Summary objective: The excitability of the lower-limb area of the motor cortex was investigated in patients with Parkinson's disease (PD) and in control subjects. Our results were compared to literature data assessing upper-limb cortical area. We analysed the effect of dopaminergic substitution therapy (DST).
Methods: Motor evoked potential (MEP) were assessed with transcranial magnetic stimulation (TMS) in 24 PD patients with (ON) and without (OFF) DST, and nine age-matched controls.
Results: Resting motor threshold (RMT), active motor threshold (AMT), cortical silent period (CSP), MEP amplitude and area did not differ significantly between groups and medication states. A paired-pulse TMS study revealed normal short-interval intracortical inhibition (SICI) but impaired intracortical facilitation (ICF) in PD OFF, partially normalized under DST. Post-hoc analysis uncovered two opposite effects of DST on MEP amplitude, separating the population in two groups. The paired-pulse study confirmed this division, showing that both groups exhibited distinct intracortical functioning, which was differently influenced by DST.

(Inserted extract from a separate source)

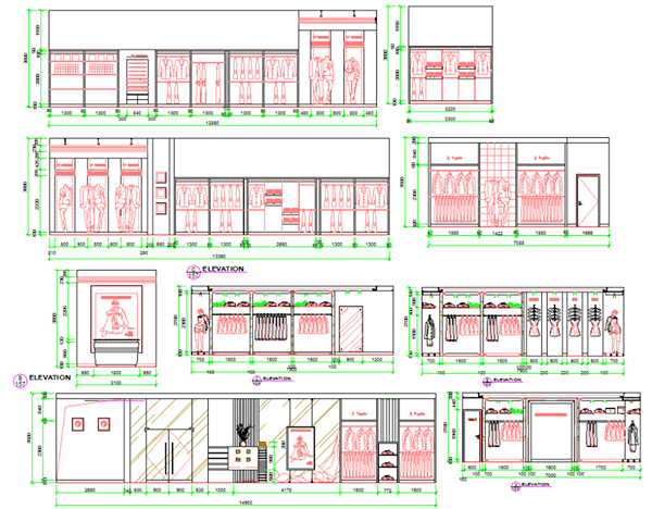 Clothing Store 2D CAD Drawing with Wall Elevations and Sections

Conclusions: The lower-limb motor cortical areas of PD patients essentially exhibited an ICF reduction whereas in upper-limb areas, literature data demonstrated impairment of both SICI and ICF. Our data revealed two groups of patients showing different excitability states and opposite responses to DST.
Significance: The defective ICF in lower-limb areas could play a key role in the pathophysiology of gait disorders in PD. The fact that two cortical excitability states are inversely influenced by DST may reflect different conditions of denervation and compensatory mechanisms progression.